Personal information
- Nickname: "ROSI 501"
- Born: 13 July 1966 (age 60) Bad Nauheim, Germany
- Home town: Gütersloh, Germany

Darts information
- Playing darts since: 1985
- Darts: 22g Unicorn Darts Signature
- Laterality: Right-handed
- Walk-on music: "Remember the Name" by Fort Minor ft. Styles of Beyond

Organisation (see split in darts)
- BDO: 1990–2006
- PDC: 2006–

WDF major events – best performances
- World Masters: Last 16: 2006
- World Trophy: Last 40: 2007

PDC premier events – best performances
- World Championship: Last 64: 2008
- UK Open: Last 160: 2011
- European Championship: Last 32: 2012

Other tournament wins
| Dart-mp.com Classic | 2010 |
| Dortmund Open | 2006, 2007 |
| GDC Halle | 2007 |
| GDC Hürth bei Köln | 2007 |
| GDC Niedernhausen | 2008 |
| GDC Ramada Hotel Köln | 2007, 2008 |
| GDC Salzdetfurth | 2007 |
| Malta Open | 2006 |
| PDC World Germany Qualifying Event | 2010 |

= Michael Rosenauer =

German darts player

Michael Rosenauer (born 13 July 1966) is a German professional darts player who plays in Professional Darts Corporation (PDC) events.

==Career==

Rosenauer created controversy when he chose to play in the 2008 PDC World Darts Championship, having won qualification for the 2008 BDO World Darts Championship. Rosenauer claimed one of the places for the event at the Lakeside, but at the same time, he topped the German Darts Corporation Order of Merit, which grants a place in the PDC World Championship and in the end, he withdrew from the BDO World Championship to play in the PDC version instead. He went on to lose in the first round to Mervyn King.

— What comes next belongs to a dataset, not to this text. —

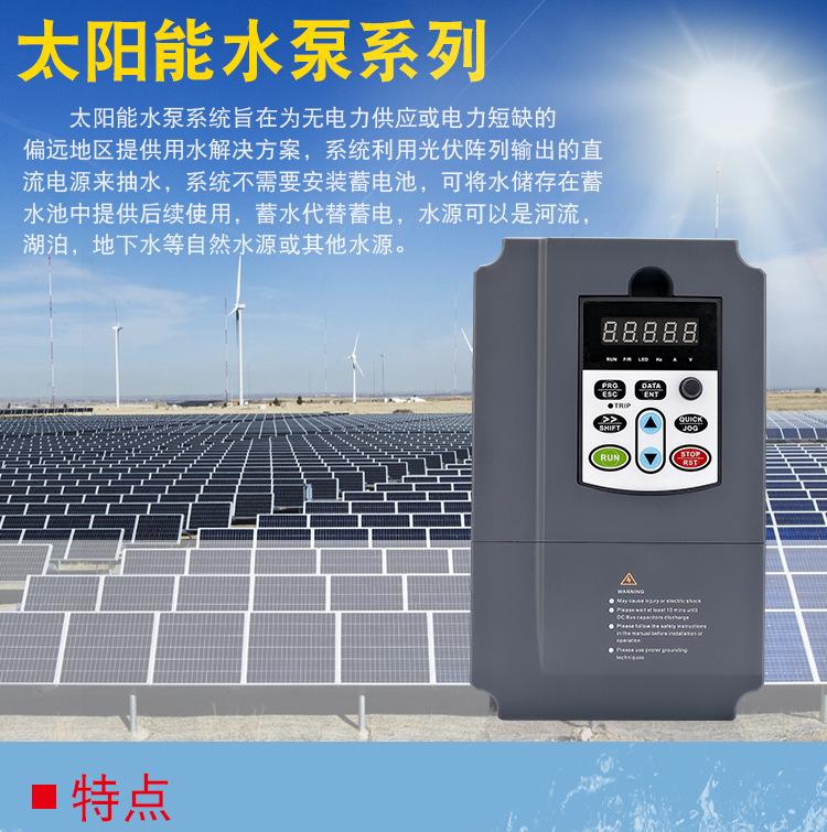 SK650系列變頻器是三科推出的針對光伏發(fā)電,驅(qū)動三相交流水泵的變頻器,它采用大功率點追蹤及久經(jīng)考驗的電機驅(qū)動技術(shù)以催化增大太陽能模塊的輸出功率,它將直流電直接逆變成三相交流電,可驅(qū)動各類交流水泵。同時它支持直流和交流輸入,當(dāng)沒有太陽能時,該變頻器手動切換到單項或三相交流電輸入,如市電發(fā)電機或電池。SK650光伏水泵變頻器提供全方位保護(hù),電機軟啟動及調(diào)速功能,即開即用,安裝方便。產(chǎn)品型號 | SKI650A045G-055G-4 | SKI650A055G-075G-4 |

In 2012, Rosenauer earned a place in the European Tour Event 1 in Vienna by defeating Alexander Tauber and Tomas Seyler in the European qualifier. He played Richie Burnett in the first round and lost 4–6. Rosenauer also qualified for the second European Tour event in June, with wins over Karsten Kornath and Jyhan Artut in the Home Nation Qualifier. He beat world number 8 Andy Hamilton in the first round 6–4, before losing to Dave Chisnall 1–6 in round two. Rosenauer lost to Ronnie Baxter 1–6 in the first round of the 2012 European Championship. In an attempt to reach the 2013 World Championship, Rosenauer was defeated 5–6 by Dragutin Horvat in the quarter-finals of the Central European Qualifier. Rosenauer was ranked world number 78 after the event, outside of the top 64 who retain their tour cards for 2013.

In the next two years Rosenauer curtailed his darts schedule and only competed in European Tour events. In 2014 he qualified for the European Darts Open, European Darts Grand Prix and European Darts Trophy, losing in the second round of the first two and the opening round of the latter. He did attempt to qualify for the 2015 UK Open but could not win enough games. Rosenauer qualified for the European Darts Open, but lost 6–5 to Jamie Lewis in the first round.